AJAX Passing Sessions during scraping not working

Find that more sites are now using AJAX which presents new challenges trying to scrape.

I'm trying to scrape the following site:

http://www.marksandspencer.com/Red-Wine-Food-Wine/b/44097030?ie=UTF8&sor...

The problem is that because the main content is in an AJAX area I'm struggling to get it to appear in a scrapable file even after I've created the scrapable file through a proxy server.

Even the direct URL with the parameters being passed directly through the parameters screen is not working.

Find the scraping files attached.

I'm at a loss. The scraper info reads:

Starting scraper.
Running scraping session: M&S - Wine AJAX Test
Processing scripts before scraping session begins.
Scraping file: "M&S - Wine AJAX Test"
M&S - Wine AJAX Test: Preliminary URL: http://www.marksandspencer.com/gp/santana/portlet/embeddedSearch.html
M&S - Wine AJAX Test: Using strict mode.
M&S - Wine AJAX Test: Resolved URL: http://www.marksandspencer.com/gp/santana/portlet/embeddedSearch.html?_e...
M&S - Wine AJAX Test: Sending request.
Starting scraper.
Running scraping session: M&S - Wine AJAX Test
Processing scripts before scraping session begins.
Processing script: "M&S - Wine AJAX Initialisation"
An error occurred while processing the script: M&S - Wine AJAX Initialisation
The error message was: Class or variable not found:prod_type.length : at Line: 14.
Processing scripts after scraping session has ended.
Scraping session "M&S - Wine AJAX Test" finished.
Starting scraper.
Running scraping session: M&S - Wine AJAX Test
Processing scripts before scraping session begins.
Processing script: "M&S - Wine AJAX Initialisation"
***Beginning STATE: null
Scraping file: "M&S - Wine AJAX Test"
M&S - Wine AJAX Test: Preliminary URL: http://www.marksandspencer.com/gp/santana/portlet/embeddedSearch.html
M&S - Wine AJAX Test: Using strict mode.
M&S - Wine AJAX Test: Resolved URL: http://www.marksandspencer.com/gp/santana/portlet/embeddedSearch.html?_e...
M&S - Wine AJAX Test: Sending request.
M&S - Wine AJAX Test: An input/output error occurred while connecting to 'http://www.marksandspencer.com/gp/santana/portlet/embeddedSearch.html'. The message was connect: Address is invalid on local machine, or port is not valid on remote machine.
Processing scripts after scraping session has ended.
Scraping session "M&S - Wine AJAX Test" finished.
M&S - Wine AJAX Test: An input/output error occurred while connecting to 'http://www.marksandspencer.com/gp/santana/portlet/embeddedSearch.html'. The message was connect: Address is invalid on local machine, or port is not valid on remote machine.
Processing scripts after scraping session has ended.
Scraping session "M&S - Wine AJAX Test" finished.

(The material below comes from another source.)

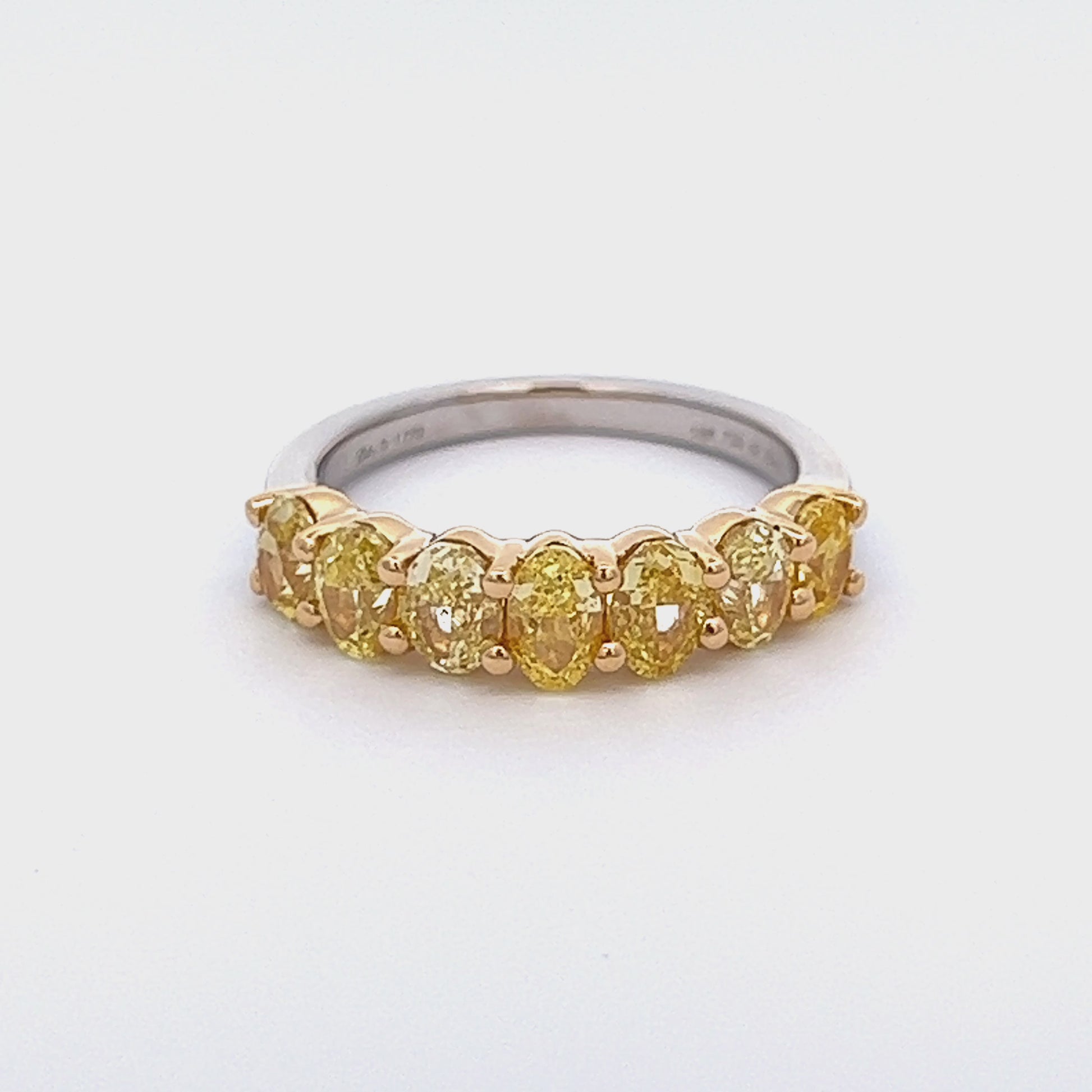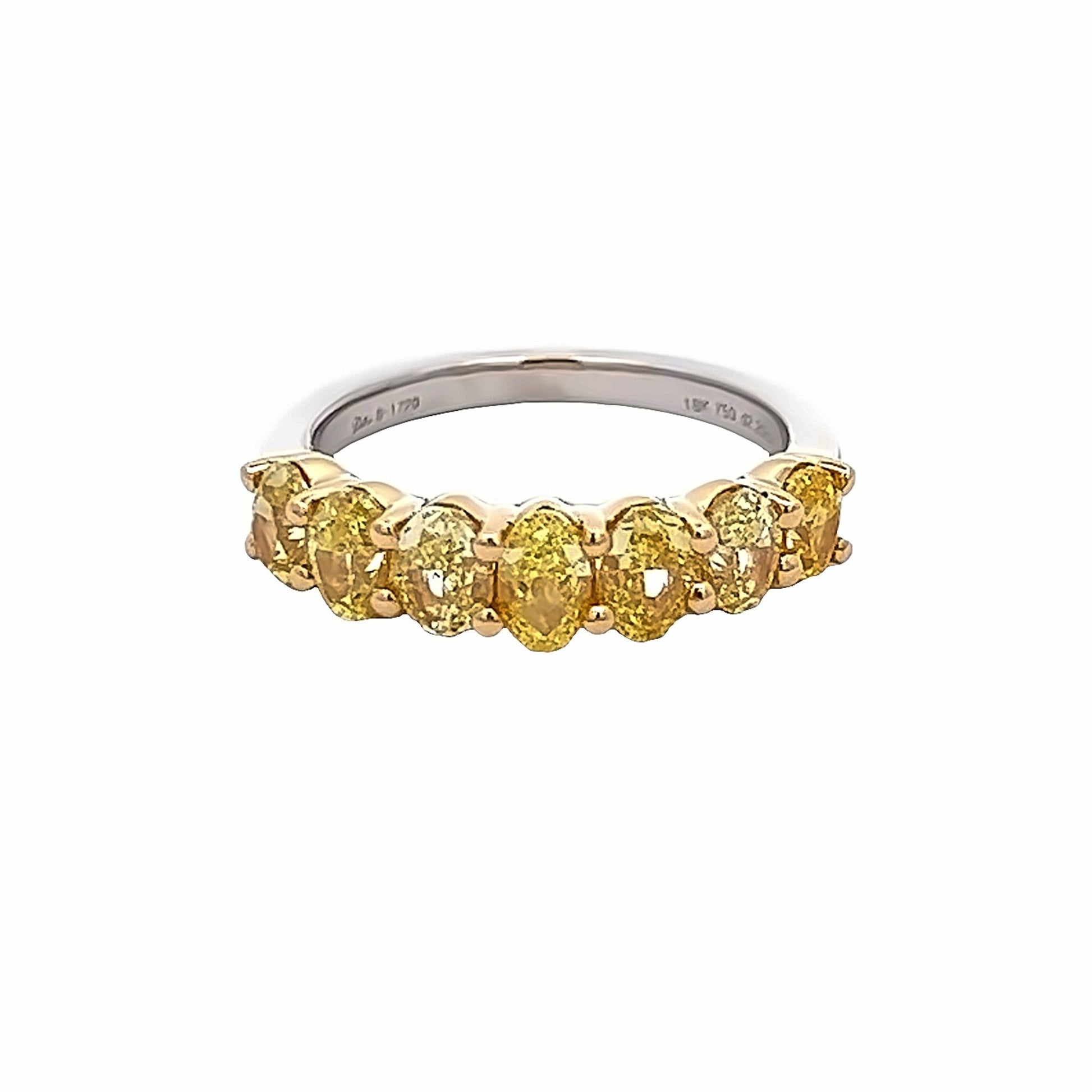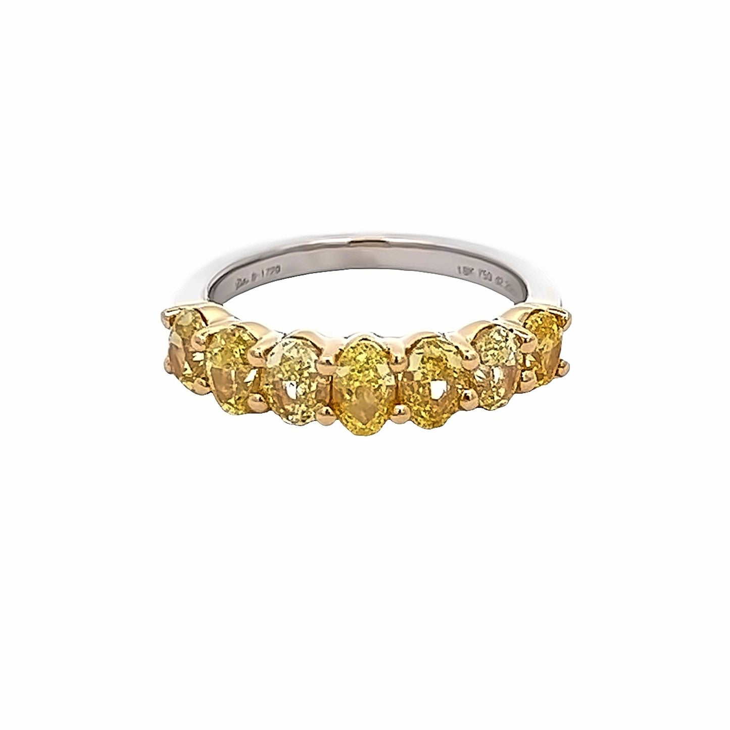 This 18K Twt 2.20 Oval Fancy Yellow Diamond Half Eternity Band is the perfect way to show your everlasting affection. Crafted of 18k yellow gold and studded with 2.20 carats of oval, brilliant-cut diamonds, you'll sparkle wherever you go.

The Last Request is below. It seems the session ID is being passed and yet the page is not being displayed in the last response.

GET http://www.marksandspencer.com/gp/santana/portlet/embeddedSearch.html?_e... HTTP/1.1
Accept-Encoding: gzip, deflate
Referer: http://www.marksandspencer.com/Red-Wine-Food-Wine/b/44097030#_encoding=U... 1&showAll=&rh=n:44097030&isBrowse=1&page=1
Proxy-Connection: Keep-Alive
Cookie: session-id-time=1268179200l; session-id=279-4993839-8045014; ubid-acbuk=280-2008109-6006421; s_sess=%20s_cc%3Dtrue%3B%20s_v5%3DFood%2520%2526%2520Wine%253EWine%253ERed%3B%20s_sq%3D%3B; s_pers=%20s_nr%3D1267649569183%7C1270241569183%3B%20s_visit%3D1%7C1267654061156%3B%20gpv_p5%3DBrowse%253AFood%2520%2526%2520Wine%253EWine%253ERed%7C1267654061218%3B
Accept-Language: en-gb
Host: www.marksandspencer.com
x-requested-with: XMLHttpRequest
User-Agent: Mozilla/4.0 (compatible; MSIE 8.0; Windows NT 6.1; Trident/4.0; SLCC2; .NET CLR 2.0.50727; .NET CLR 3.5.30729; .NET CLR 3.0.30729; Media Center PC 6.0; Tablet PC 2.0)
Accept: */*

The Scraper files can be downloaded from: http://www.blue-curve.com/M&S%20-%20Wine%20AJAX%20Test%20(Scraping%20Session).sss

Any advice you can offer would be greatly appreciated.

It looks like you're

It looks like you're requesting the page properly. When that page loads, however, there should be some JavaScript on there making some more HTTP requests that would populate the rest of the data. If you can proxy those requests yon should see responses with what you need. The responses can con in various types:

  • JSON
  • XML
  • Text/HTML

So you may need to parse what you get, but you should be able to do it.

Problem...

I found something very strange.

Having reimported the proxy files and then utilising the existing scrapable file without adding any parameters I'm finding that halfway through the scrape it loads the file successfully.

More specifically:
- During "M&S - Wine AJAX Test: Sending request."
- "Last Response" displays the correct data.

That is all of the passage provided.